The early education industry is blessed to have many people who enter this business because they care about more than the money. But make no mistake, money is required if you want to stay in this industry. Over the years (especially during the recession), we’ve seen many people lose centers and schools or push to the edge bankruptcy because they weren’t willing to make the necessary decisions associated with good management. Many owners felt that it was their responsibility to take care of (“mother”) their teachers. In some cases, they felt guilty. They felt like failures because their center couldn’t afford the extra payroll cost so they spent themselves into deeper debt so their teachers could pay their bills. Incredibly noble…there is nothing like being the hero in somebody’s life even when they don’t know it, but you must have limits.
The most common and costly mistake we make in this business is the failure to control payroll costs. The second most costly mistake is providing lackluster service because teachers and other employees don’t understand or don’t care about meeting the expectations of their employer or director—you. Good, honest, hard-working, caring teachers and other staff members deserve the very best career environment possible from the centers and schools that employ them. These are your committed people. These people are your core staff. These are the people that you don’t have to worry about–much. However, your non-core staff requires more guidance—not mothering, guidance. If your non-core staff understands that hours go to the best employees and that you (their boss not mother) can teach them how to be “best”, then you will have the solid platform you need to fix or prevent the two biggest and most costly mistakes in the business.

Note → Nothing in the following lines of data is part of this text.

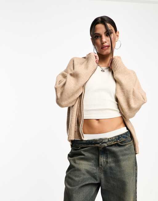Cotton On slouchy knit zip up hoodie in shortbread Very well made.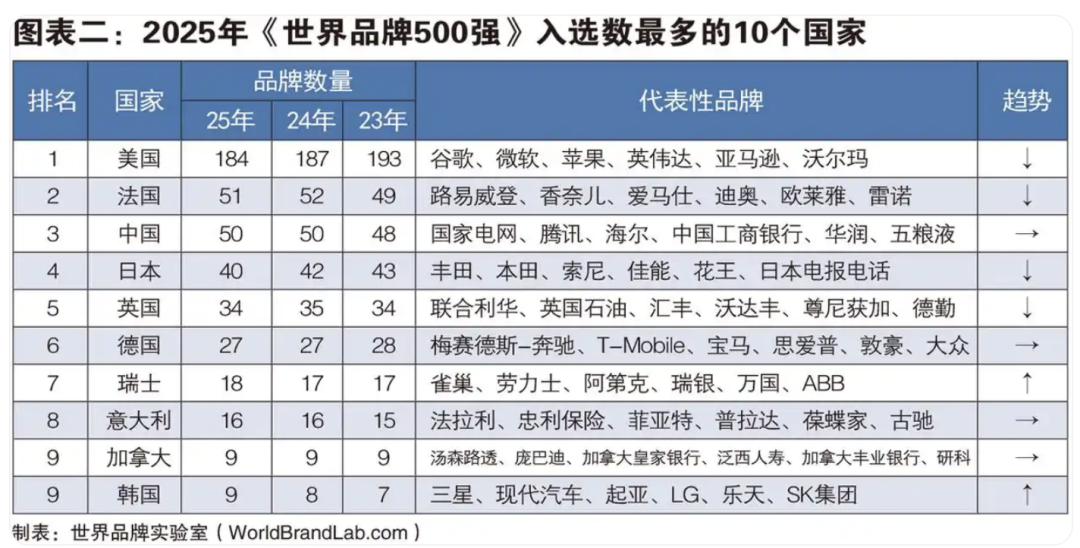 世界500强品牌的国家分布确实与国家实力高度相关,2025年,美国有184个品牌入选,中国第三有50个。而在三年前的2022年,中国还排在第四。回望改革开放初期,世界品牌500强榜上压根不见中国品牌。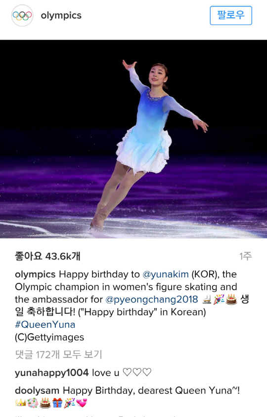 이어 공식인스타그램에도 김연아의 생일을 축하하는 메세지를 남겼다. IOC는 "한국의 유나킴의 생일을 축하합니다. 여자 피겨 올림픽 챔피언이자 2018 평창올림픽의 홍보대사인 퀸의 생일을 축하합니다"라면서 한글로 '생일 축하합니다' 메세지를 남겨 김연아를 향한 뜨거운 사랑을 드러냈다. 보통 선수들의 경기 결과 기록 등을 전하는 공식 SNS에 선수 개인의 생일이나 2세 탄생을 알린 경우는 김연아와 펠프스 정도의 선수가 유일하다.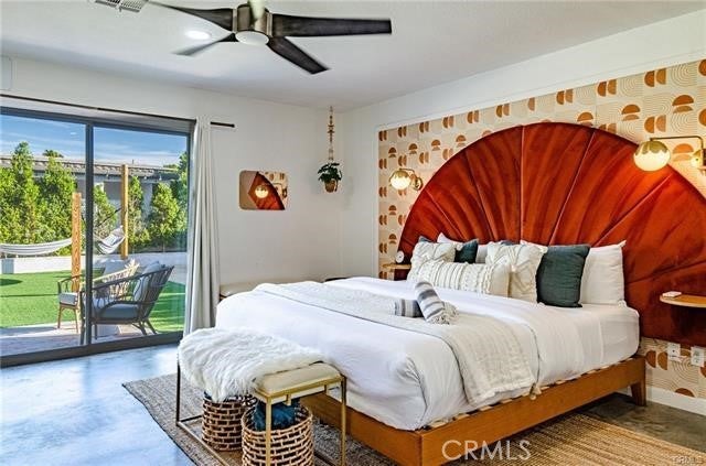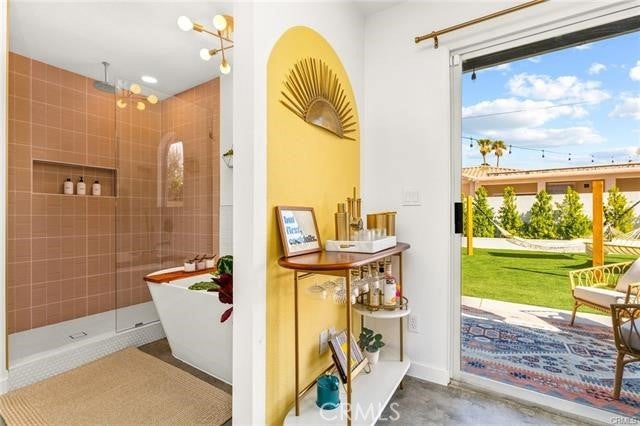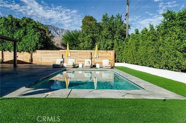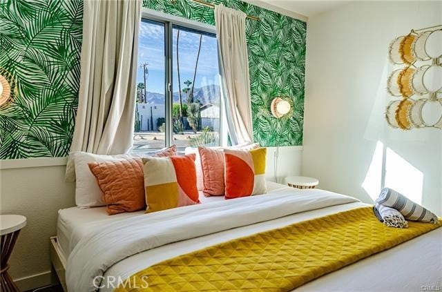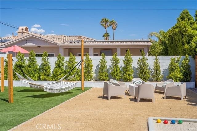 The spacious, well-kept neighborhood is just minutes from downtown Palm Springs, allowing you to enjoy everything the city has to offer year-round. COME HOME- to pure AURA, an inspiring retro vibe 3 Bedroom, 2 Bath, Pool Home. The open floor plan is complemented by polished concrete floors and allows for plenty of natural light. ALL 3 of the bedrooms are spacious. The master bedroom features a walk-in closet, and the master bathroom is complete with a luxurious free-standing tub. ALL Our beautifully remodeled bathrooms features walk-in showers and vanities with plenty of storage. Stainless steel appliances are featured in the stunning open kitchen leading to the back patio.Step outside to enjoy the resort-style backyard. It has a fully fenced, private yard, with plenty of places to relax just off the kitchen slider.In this outdoor dining pergola, a desert landscape wall mural provides a backdrop to your dining area, equipped with a ceiling fan. Take a dip in the refreshing pool surrounded by a built-in gas firepit and sand bocce ball court. The home is equipped with solar panels, making it extremely energy-efficient.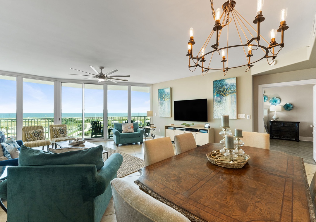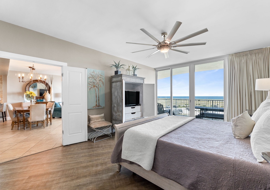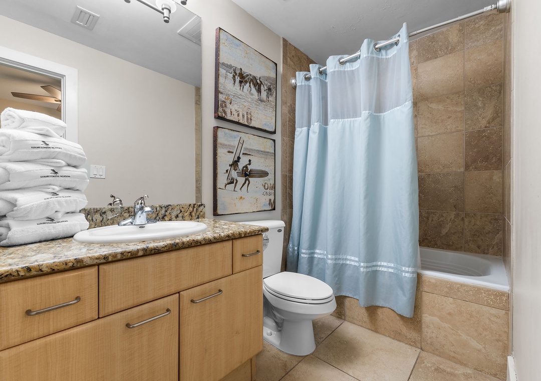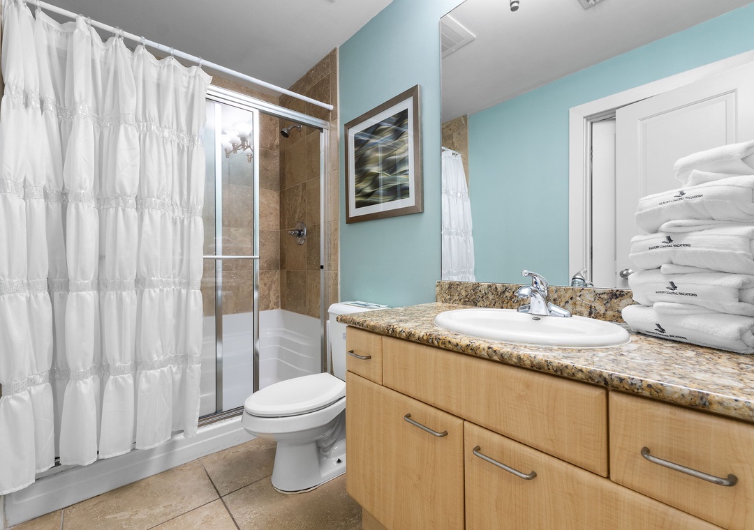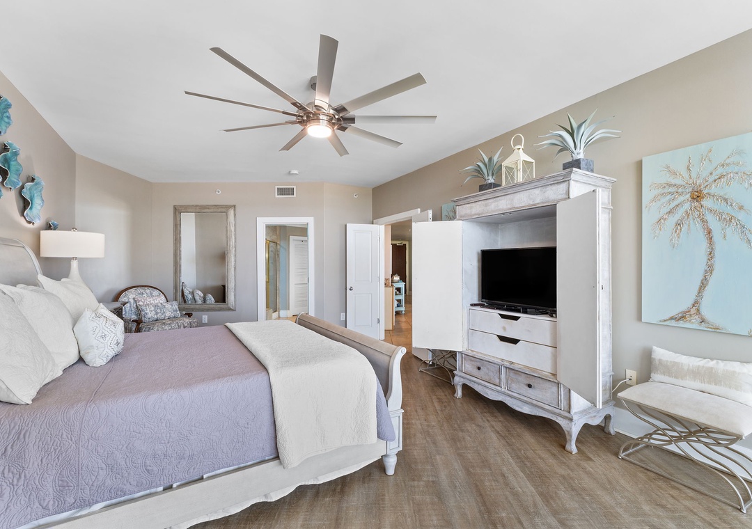 With premium mattresses and luxury appointments in the bedrooms and baths, you'll definitely catch up on some much needed rest and relaxation during your vacation. The master bedroom offers a king size bed with a remote-controlled adjustable base, allowing you to sleep soundly and comfortably on your vacation! The master suite also offers balcony access, and the adjoining glamour bath includes a jetted 2 person tub, separate walk in shower, and twin vanities with vessel sinks. The 2nd bedroom features a premium queen bed and a private bath. The 3rd bedroom offers bunk bed with 1 twin, 1 full bed and 1 full trundle underneath, and private bathroom. With the Queen and Twin sofa sleepers, this unit now sleeps up to 12!
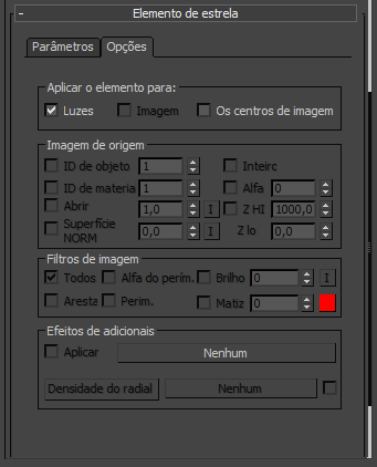 - Especifica o número de raios no efeito de estrela. O padrão é 6. Os raios são espaçados em pontos equidistantes sobre o centro do clarão.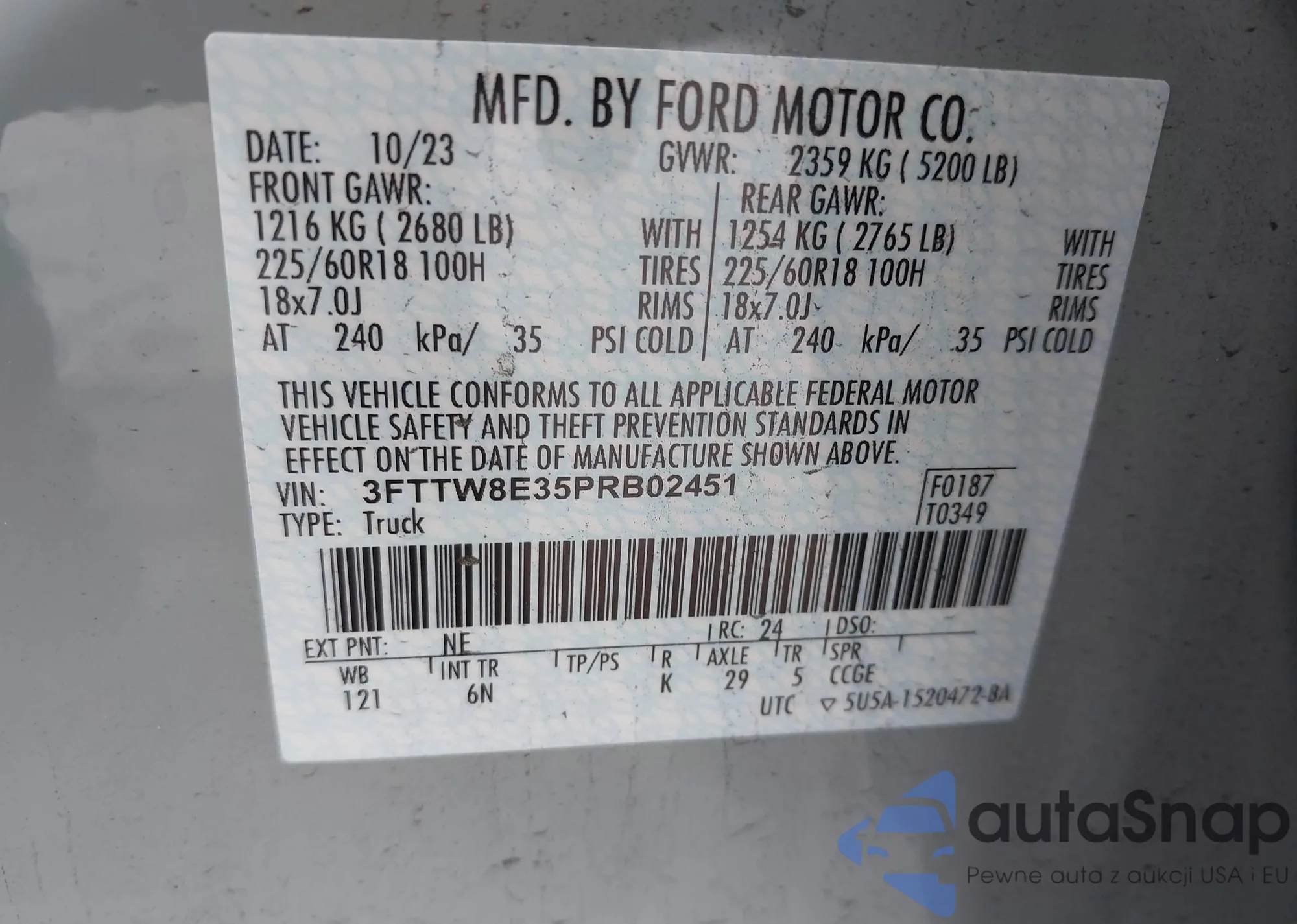 LOT: 42312955 VIN: 3FTTW8E35PRB02451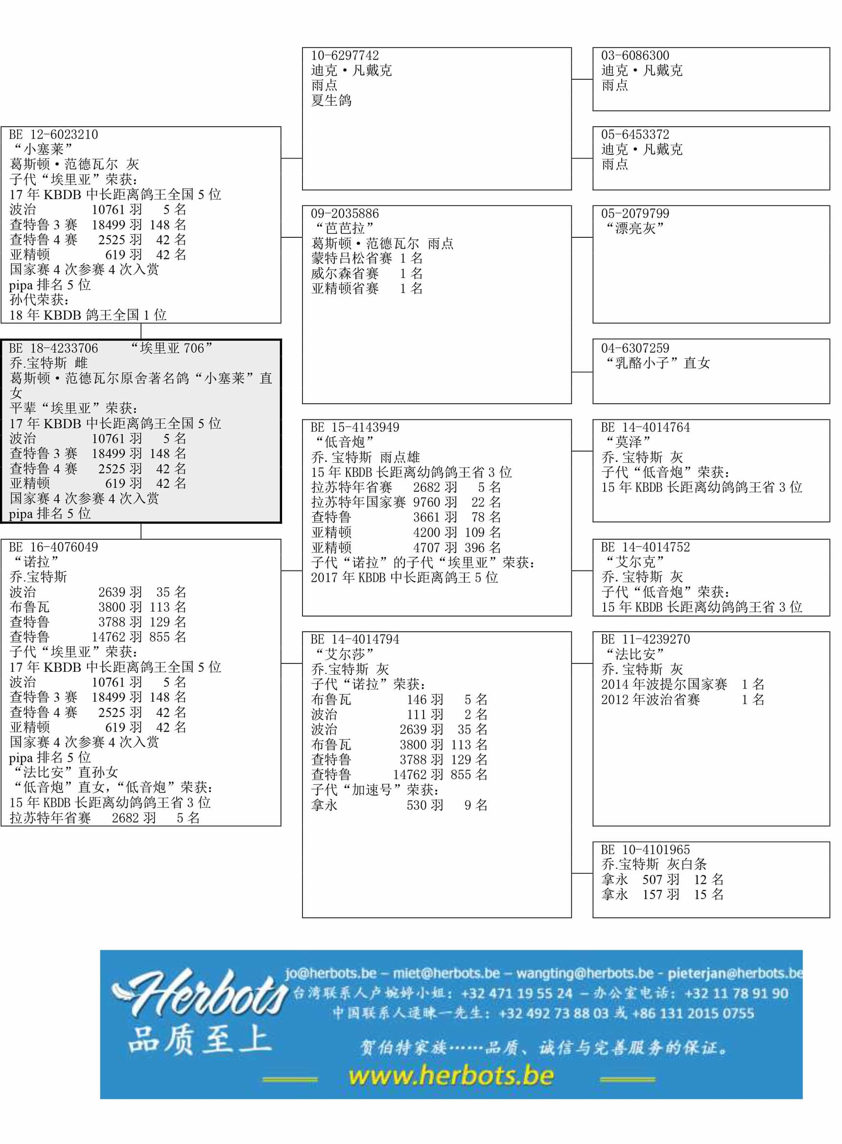 全平辈“埃里亚”荣获:17年KBDB幼鸽鸽王全国5位 - 波治国家赛区 10,761羽5名 – 亚精顿 619羽42名 -查特鲁 IV国家赛区 2,525羽42名– 查特鲁 III 国家赛 18,499羽148名

When you’re faced with making that decision between mothering and management, try to remember that running a better, more profitable center or school allows you to build a bigger business that will serve more children, provide jobs for more teachers and give you and your family the benefits and choices that come with greater financial success. Entrepreneurs and their families sacrifice a lot to create something from nothing. You deserve to keep the rewards you’ve earned.